● **Your goal**: Write out exactly the lines of the entries below from the one holding "中秋节回老家与亲人团聚,走在" to the one holding "最终,法院充分采纳了陈少霞律", inclusive, and leave out all other lines.

● **Provided records**:
★ ★ ★
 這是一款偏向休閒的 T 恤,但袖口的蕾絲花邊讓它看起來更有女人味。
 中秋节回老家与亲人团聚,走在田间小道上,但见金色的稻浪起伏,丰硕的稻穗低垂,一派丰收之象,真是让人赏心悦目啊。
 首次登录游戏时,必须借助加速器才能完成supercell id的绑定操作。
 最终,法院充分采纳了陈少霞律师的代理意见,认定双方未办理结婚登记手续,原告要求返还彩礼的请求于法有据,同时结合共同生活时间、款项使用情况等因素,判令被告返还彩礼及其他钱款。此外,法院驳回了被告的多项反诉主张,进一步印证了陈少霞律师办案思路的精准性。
★ ★ ★
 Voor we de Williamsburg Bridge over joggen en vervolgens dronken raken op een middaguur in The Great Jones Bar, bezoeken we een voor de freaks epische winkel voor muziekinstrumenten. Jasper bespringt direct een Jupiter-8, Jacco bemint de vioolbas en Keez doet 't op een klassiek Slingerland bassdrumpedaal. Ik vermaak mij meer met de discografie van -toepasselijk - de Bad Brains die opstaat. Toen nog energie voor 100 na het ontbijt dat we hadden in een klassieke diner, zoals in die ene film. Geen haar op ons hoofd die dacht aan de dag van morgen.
★ ★ ★
● **Response for this exercise**:
 中秋节回老家与亲人团聚,走在田间小道上,但见金色的稻浪起伏,丰硕的稻穗低垂,一派丰收之象,真是让人赏心悦目啊。
 首次登录游戏时,必须借助加速器才能完成supercell id的绑定操作。
 最终,法院充分采纳了陈少霞律师的代理意见,认定双方未办理结婚登记手续,原告要求返还彩礼的请求于法有据,同时结合共同生活时间、款项使用情况等因素,判令被告返还彩礼及其他钱款。此外,法院驳回了被告的多项反诉主张,进一步印证了陈少霞律师办案思路的精准性。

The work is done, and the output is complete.